Despite complaints from brokers over soaring levels of market data, officials from some of the leading exchanges indicated they weren’t enthusiastic about slamming on the brakes.

"I don’t want to put on a fee that is onerous, or be forced to by the SEC," Chris Isaacson, chief operating officer at BATS Global Markets, said during a session on October 14 at the Security Traders Association’s annual conference in Palm Beach, Fla. "Everyone’s market data technology costs would probably go down, but spreads would widen and investors would be hurt."

At issue are broker complaints over the tremendous increase in quotes being streamed into exchanges by high-frequency trading firms and the cost of processing all those messages.

Some firms, including Goldman Sachs, are questioning whether the Securities and Exchange Commission should step in and force exchanges to impose fees on those customers that send in a large number of quotes relative to the number of trades done.

That could lead to a reduction in the amount of quoting.

The SEC is considering taking action.
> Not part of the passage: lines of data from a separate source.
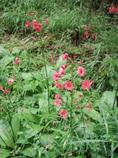 河原木場沢は水量が多めの小滝が連続して現われ、みんなしっかり合羽を着込んで果敢に直登。頭の上から水をかぶりながら、手掛りを探すという初めての体験もしました。また気持ちのいいナメを随所で楽しみながら、見頃のクリンソウが両岸に群生して見事なお花畑を作っていたのには、歓声があがりました。
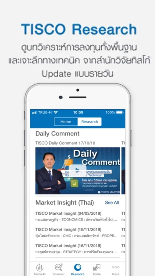 2. Research: บทวิเคราะห์หลักทรัพย์กลยุทธ์ทั้งหุ้นและอนุพันธ์ และบทวิเคราะห์หุ้นรายตัวแบบเจาะลึก โดยตรงจากฝ่ายวิเคราะห์หลักทรัพย์ โดยสามารถดูได้ทั้ง VDO Daily Comment, Monthly Comment และ PDF
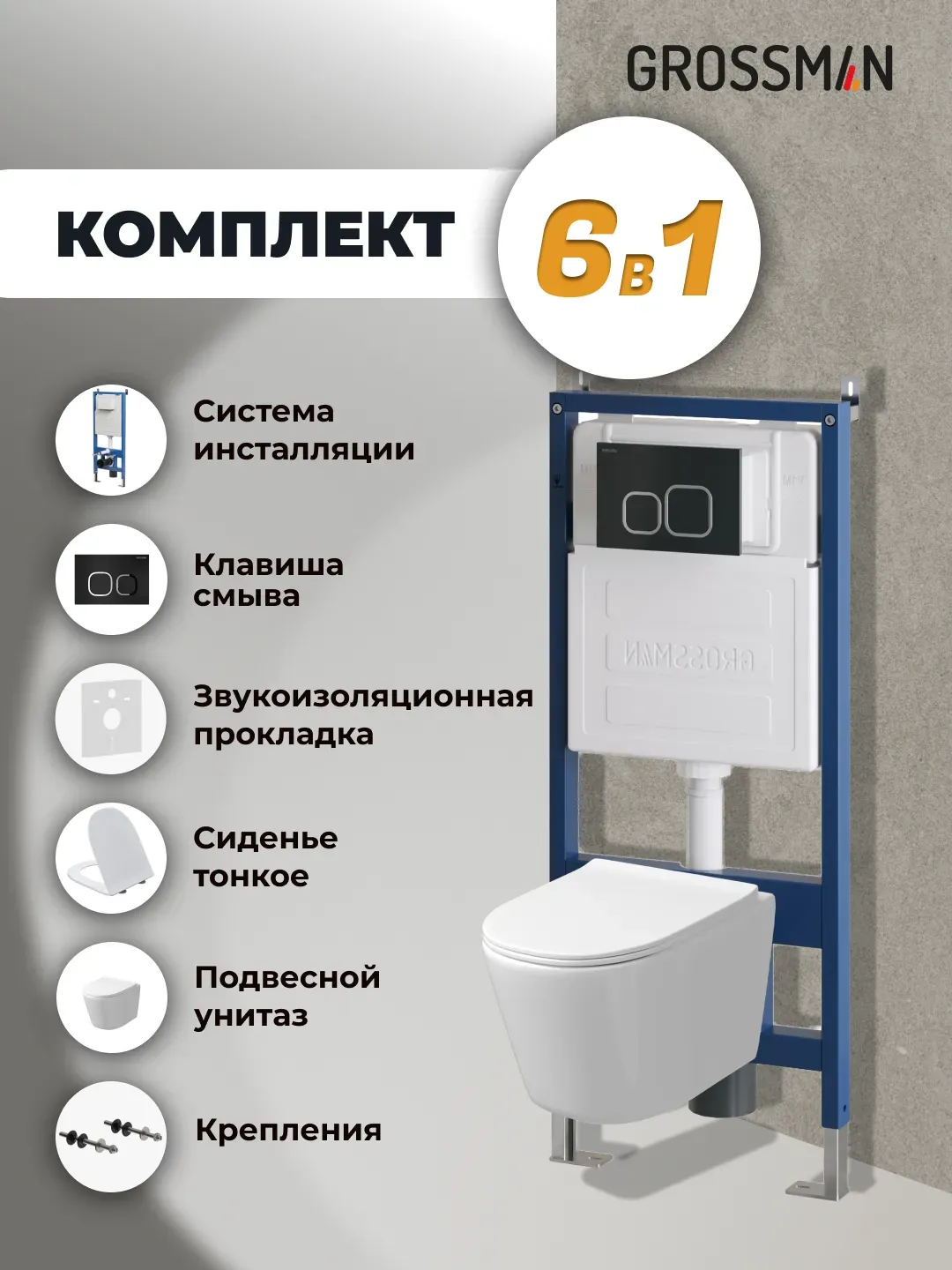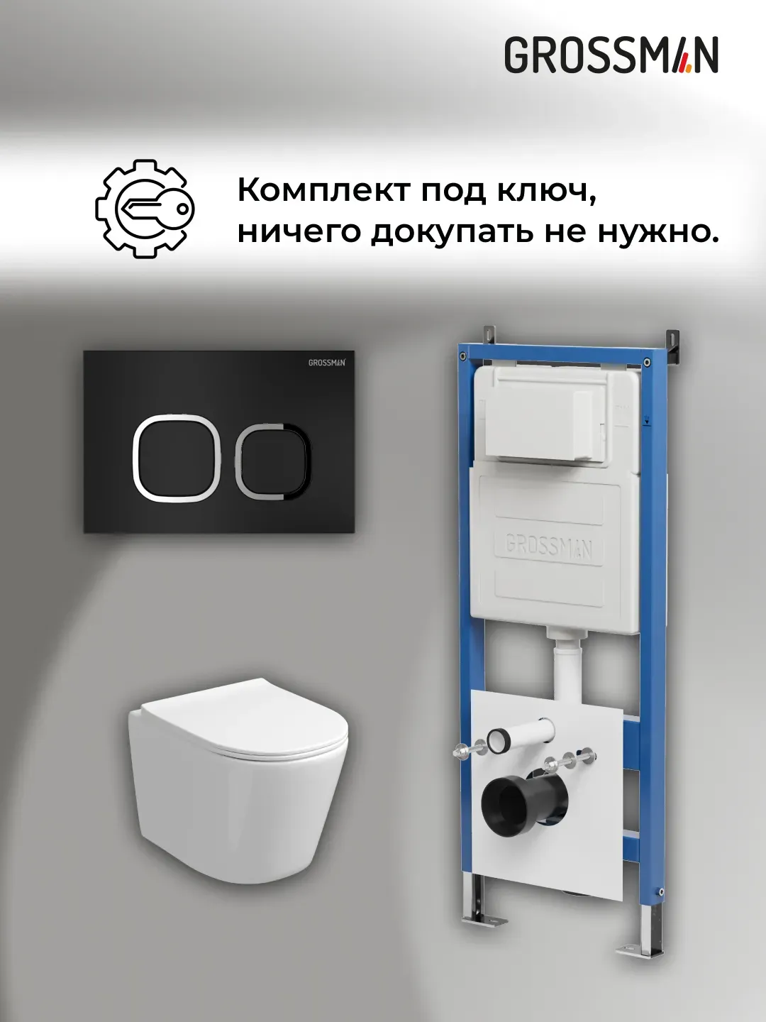 Унитаз Grossman Торнадо 97.4477SQ.02.210 с инсталляцией и черной матовой кнопкой смыва
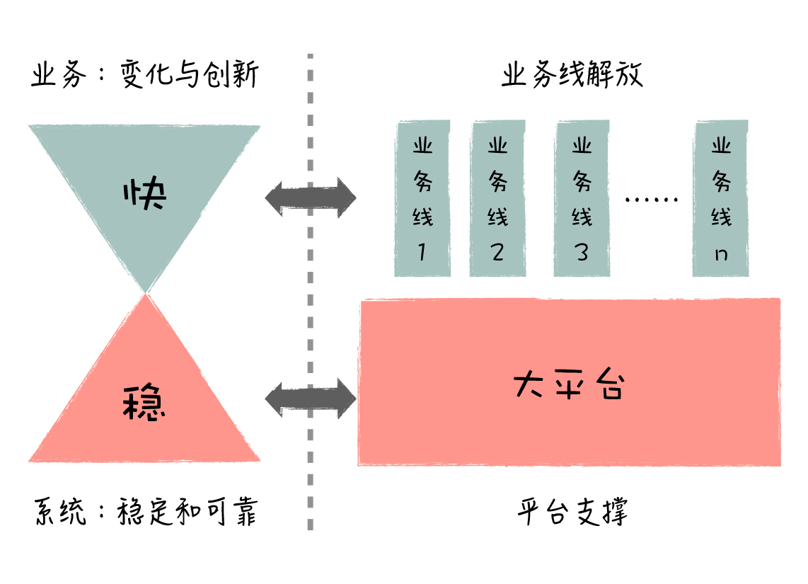 这里,我们把业务平台和业务线剥离开,让业务平台封装基础通用的功能,这样,它就变得相当地稳定;让各个业务线包含自己的个性化需求,业务线只依赖业务平台,业务线彼此之间互相独立,可以自由变化。这样的业务架构设计,就同时保证了系统的相对稳定和业务的快速创新。
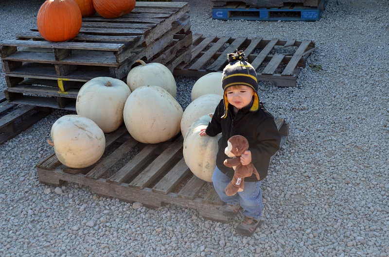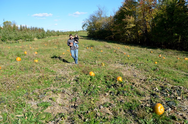 Since we bought over $20 worth of apples, we were allowed to pick a pumpkin from the patch for free. She told Lo where the patch was and that there weren’t many pumpkins left (due to the excessive rain in June hurting the crop), but failed to mention it was REALLY far away. It’s okay…it was a nice day, so a long walk was no big deal – and the property was gorgeous.
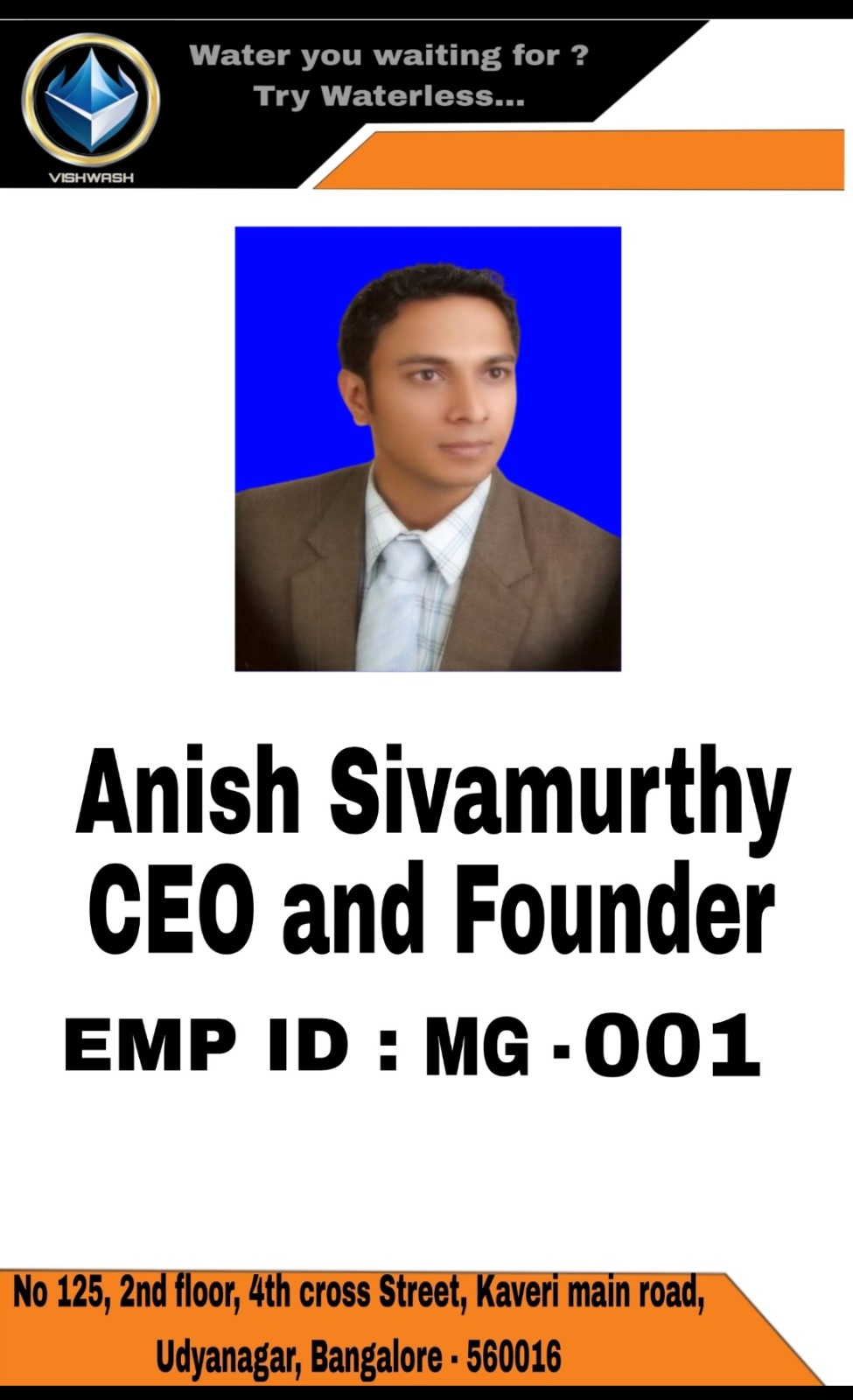 My name is Anish Sivamurthy; Founder & CEO of Vishwash, an eco-friendly waterless car wash company. We specialize in providing sustainable vehicle cleaning solutions that do not require the use of water. Instead, we use specially formulated cleaning solutions that lift dirt and grime, which are then gently wiped off using microfiber towels.
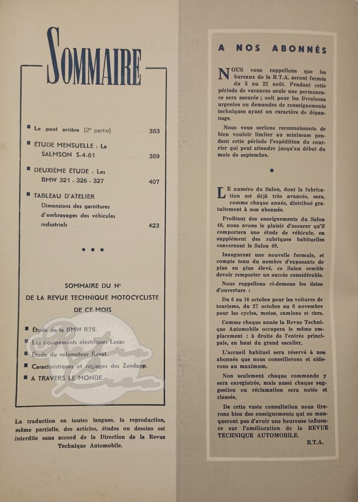 Revue Technique RTA Salmson S4 61, S4 DA
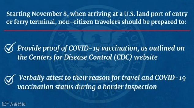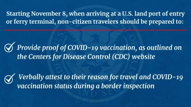 根据美国国土安全部(DHS)的规定,旅行者必须准备回答口头提问:他们是否已完全接种疫苗以及前往美国的原因,在要求下,必须提供他们的疫苗接种状况的证据。
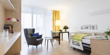 - 120 Pflege-Einzelzimmer mit eigenem Badezimmer (Dusche/WC) und Einbauschrank
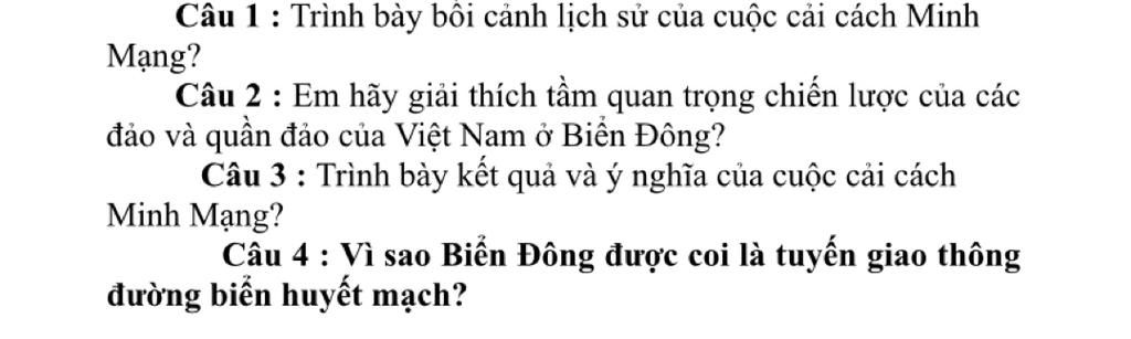 Câu 1: Trình bày bối cảnh lịch sử của cuộc cải cách Minh Mạng
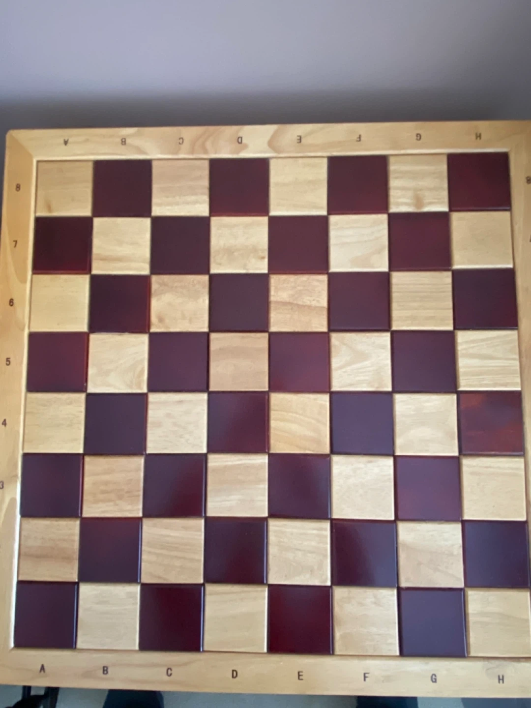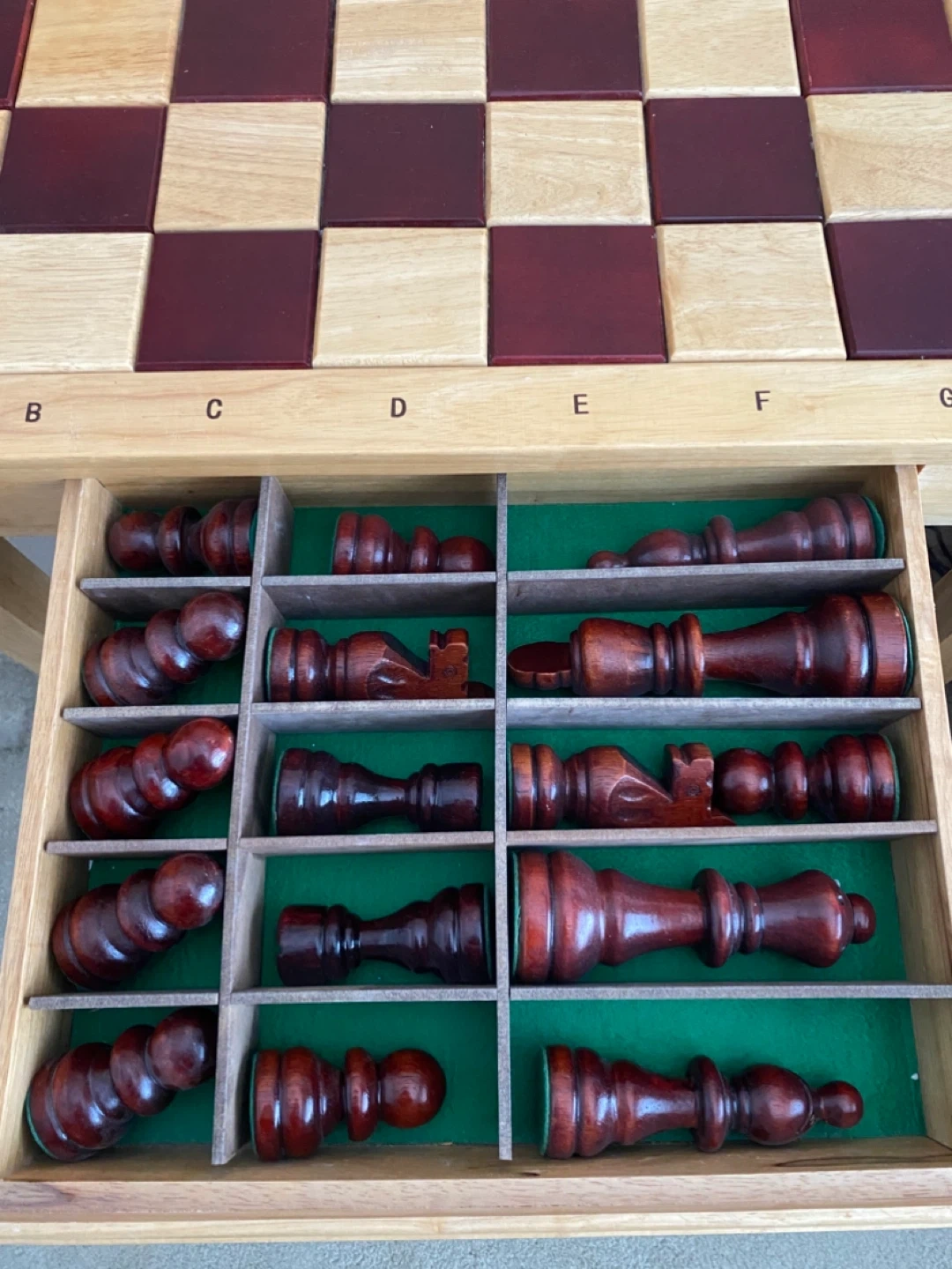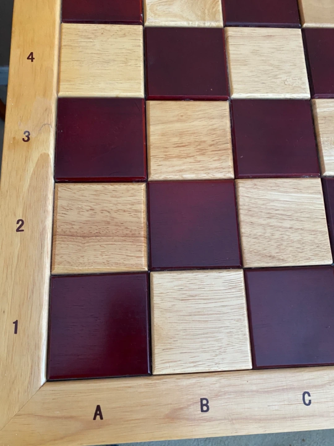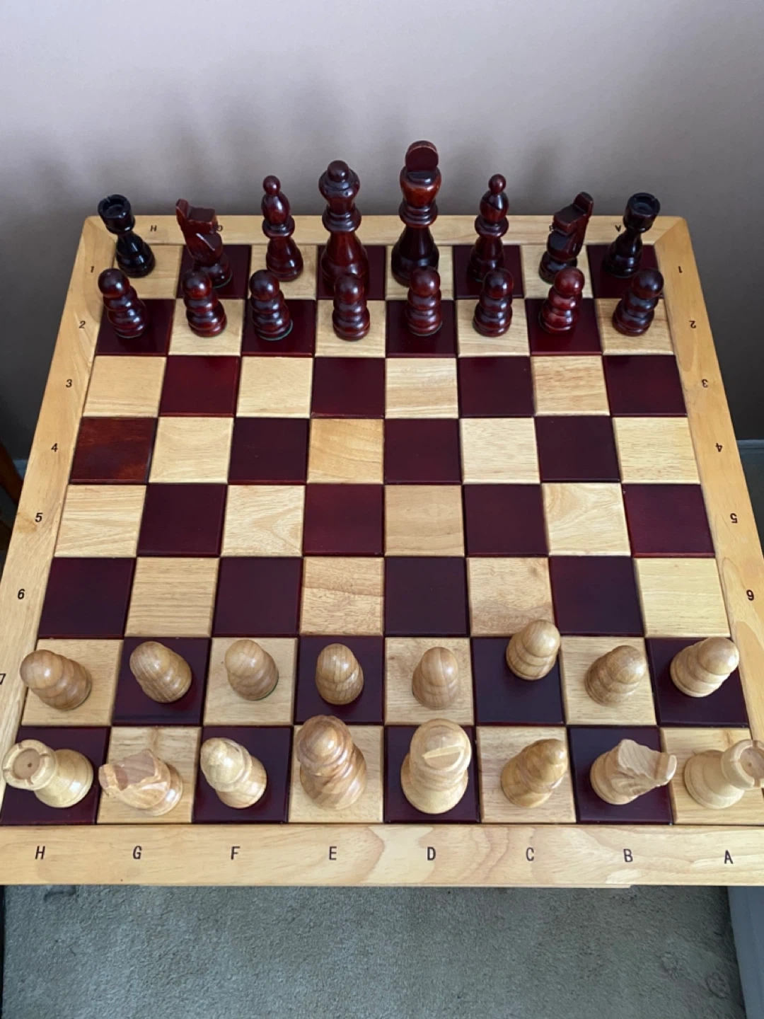 The chess table board has alternating wood tones and the sides are marked with letters and numbers for easy reference.

David Shillman, a senior official in the SEC’s Division of Trading and Markets, noted at a recent industry conference that the SEC was mulling the idea of directing exchanges to implement some sort of quote-to-orders fee.

This doesn’t sit well with the exchanges.

"We don’t think the regulators have the authority to dictate order-to-trade ratios or cancellation levels," Bryan Harkins, chief operating officer at Direct Edge, told the STA crowd. "That’s a commercial decision."

According to data supplied by the Financial Information Forum, Direct Edge’s EDGA exchange sends out about 109,000 quotes per second.

Some have criticized the exchanges for a lack of concern over the issue and an approach that favors the large quoters, which provide much of their liquidity, over other members.

"The criticism is that the exchanges are HFT-friendly," Harkins added. "But in fact not all traffic is good traffic. We have throttles. Not every customer likes throttles. We do that to protect the market. Every customer has a certain message limit per second."

Throttling, done to some degree by most exchanges, involves slowing down the rate at which an exchange will accept incoming messages.

Nasdaq OMX is taking a look at the issue, according to Michel Finzi, Nasdaq’s head of U.S. equities, but it is also worried about overburdening those members who provide the exchange with most of its liquidity.

"If entities are sending a significant amount of quotes and never generating a trade, then it’s not a good idea for us to support that," Finzi said at STA.

"But one must also be careful because there are certain models and folks who provide value to the marketplace," he added. "That includes market-maker strategies with two-way prices in stocks. In volatile times, they have to address those and amend those quite regularly."

Even if the exchanges don’t act, it is not impossible that regulators won’t unilaterally try to rein in message traffic with fees. They do so in Canada, according to Robert Fotheringham, a senior vice president at the Toronto Stock Exchange.

Fotheringham told STA attendees that the Investment Industry Regulatory Organization of Canada, the Canadian equivalent of the U.S.’s Financial Industry Regulatory Authority, has begun "factoring in messaging when they allocate charges for surveillance."